(1.) M/s. Kakkar Complex Steels (P) Ltd. are challenging the penalty imposed on them and redemption fine demanded from them.
(2.) Shri Gautam Kakkar, Director of the Appellant company, mentioned that the Appellants manufacture iron and steel ingots; that the Central Excise Officers on 21.2.2000 visited their factory and found 14.850 MT steel ingots have not been registered in the RG -1 register. The Additional Commissioner had confiscated the said ingots with an option to redeem the same on payment of redemption fine of Rs.10,000/ - and had imposed penalty of Rs.5000/ - which has been confirmed by the Commissioner (Appeals) under the impugned Order. He, further, submitted that Shri Kulwant Sharma, Accounts Manager, whose statement was recorded by the Central Excise Officers on the spot had explained that the difference of 14.850 MT between RG -1 stock and physical stock was on account of non -entering of the production of 19th and 20th February, 2000; that the production of these two days could not be entered on account of Administrative Office being closed, these being Saturday and Sunday; that as the officers had visited their factory premises in the morning hours on 21.2.2000 the production cannot be entered in RG -I register.
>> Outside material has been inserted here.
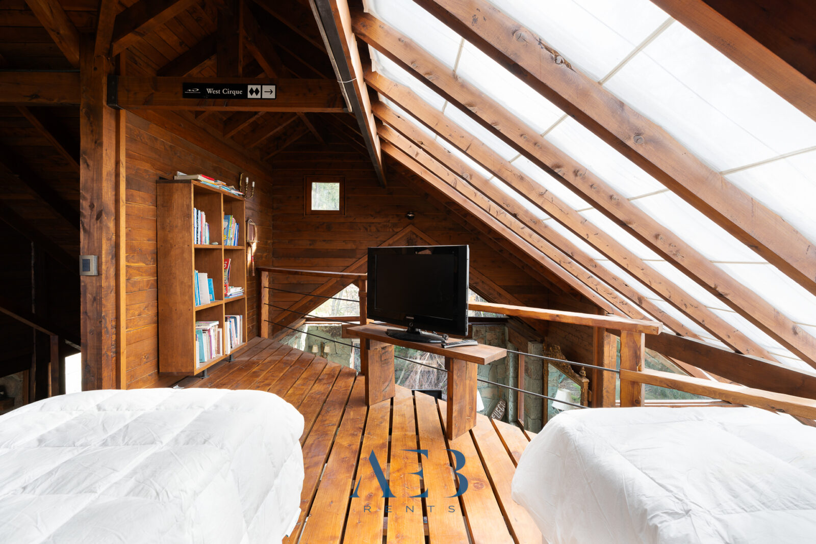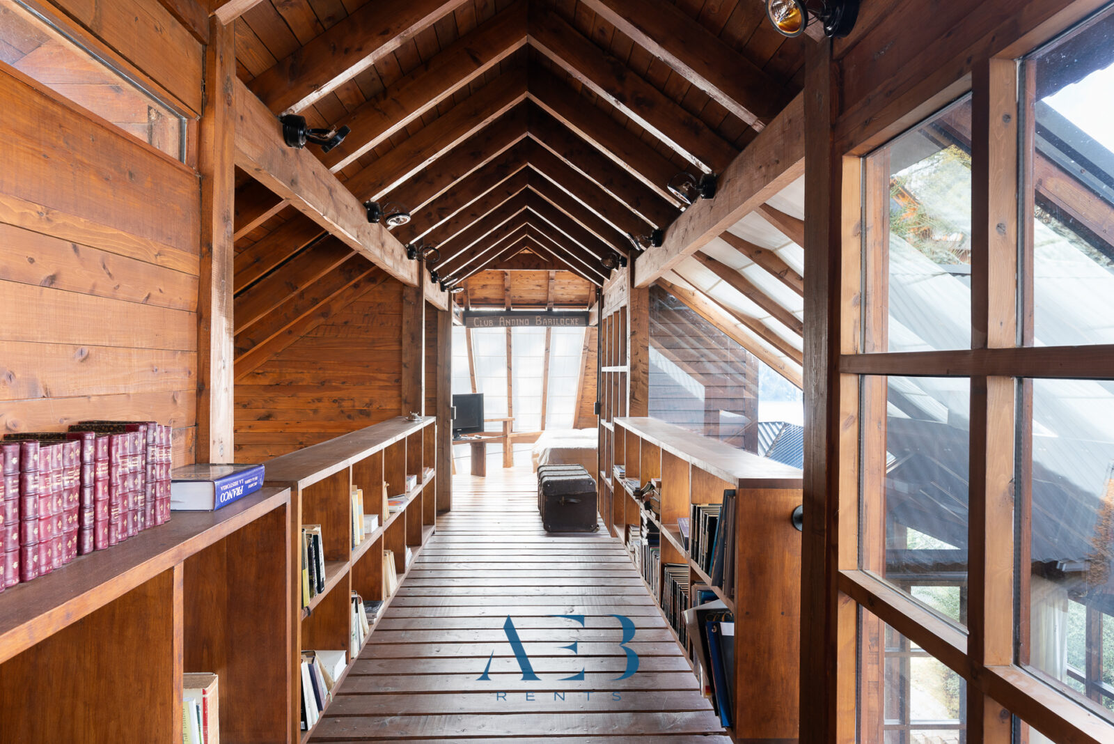 Por la escalera hacia arriba se accede a un gran espacio de biblioteca y sala de estar con amplios ventanales.

He relied upon the decision of the Tribunal in the case of Sumit Industries Ltd. v. CCE, Surat - 2004 (164) ELT 335 (Tribunal) wherein it has been held that "Penalty should not be ordinarily imposed unless there is a deliberate defiance of law or contumacious or dishonest conduct or a conscious disregard to an obligation is established in the facts of a case."
(3.) Countering the arguments Shri V. Valte, Ld SDR, submitted that the orders passed by both the lower authorities are proper and legal as undisputedly the physical stock of ingots was more than the stock reflected in RG -I register and as such there was contravention of provisions of Central Excise Rules.